- **YOUR TASK**: Please transcribe exactly the lines from the line holding "The fitted, strapless" through the end of the data below, and skip any pictures.
***** DATASET EXCERPT *****
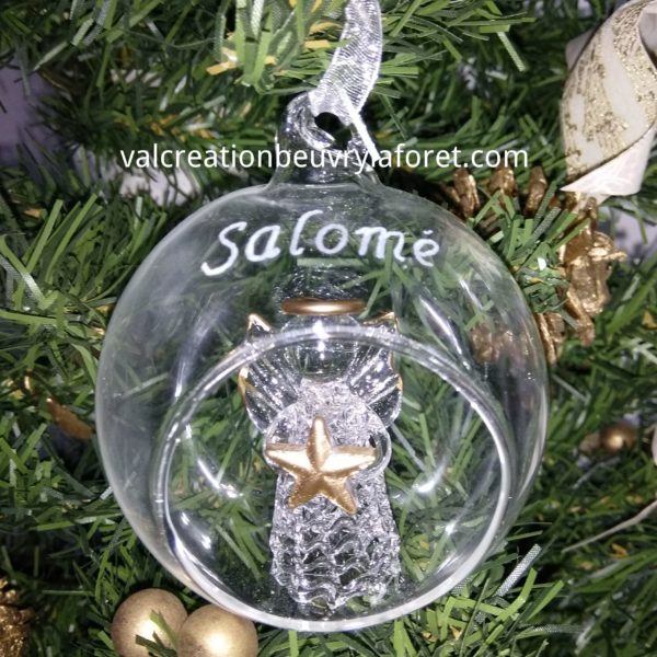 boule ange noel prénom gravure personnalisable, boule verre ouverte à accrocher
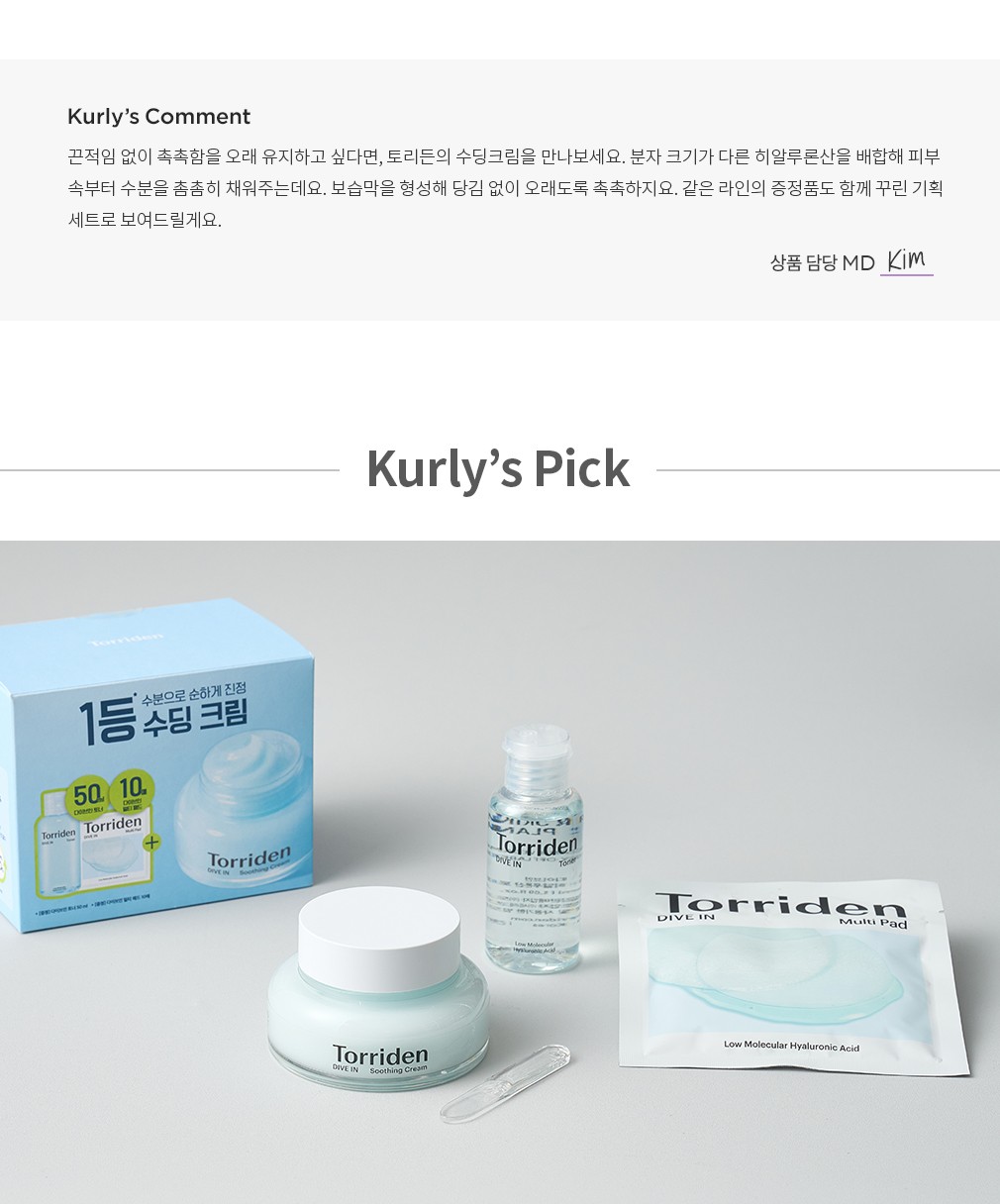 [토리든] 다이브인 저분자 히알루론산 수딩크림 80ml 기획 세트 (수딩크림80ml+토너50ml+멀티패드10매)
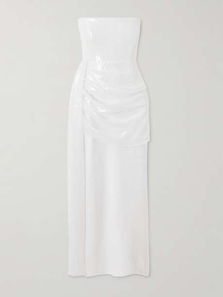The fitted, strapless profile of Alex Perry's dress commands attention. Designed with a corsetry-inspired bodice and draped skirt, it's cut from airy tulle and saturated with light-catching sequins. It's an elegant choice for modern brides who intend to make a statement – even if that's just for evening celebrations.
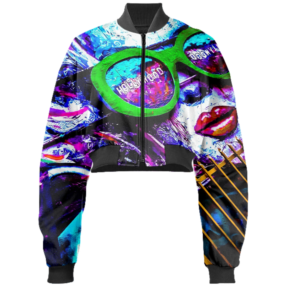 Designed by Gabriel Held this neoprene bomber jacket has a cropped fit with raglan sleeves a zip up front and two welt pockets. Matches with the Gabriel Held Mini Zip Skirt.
*****
- **EXERCISE RESPONSE**:
The fitted, strapless profile of Alex Perry's dress commands attention. Designed with a corsetry-inspired bodice and draped skirt, it's cut from airy tulle and saturated with light-catching sequins. It's an elegant choice for modern brides who intend to make a statement – even if that's just for evening celebrations.
 Designed by Gabriel Held this neoprene bomber jacket has a cropped fit with raglan sleeves a zip up front and two welt pockets. Matches with the Gabriel Held Mini Zip Skirt.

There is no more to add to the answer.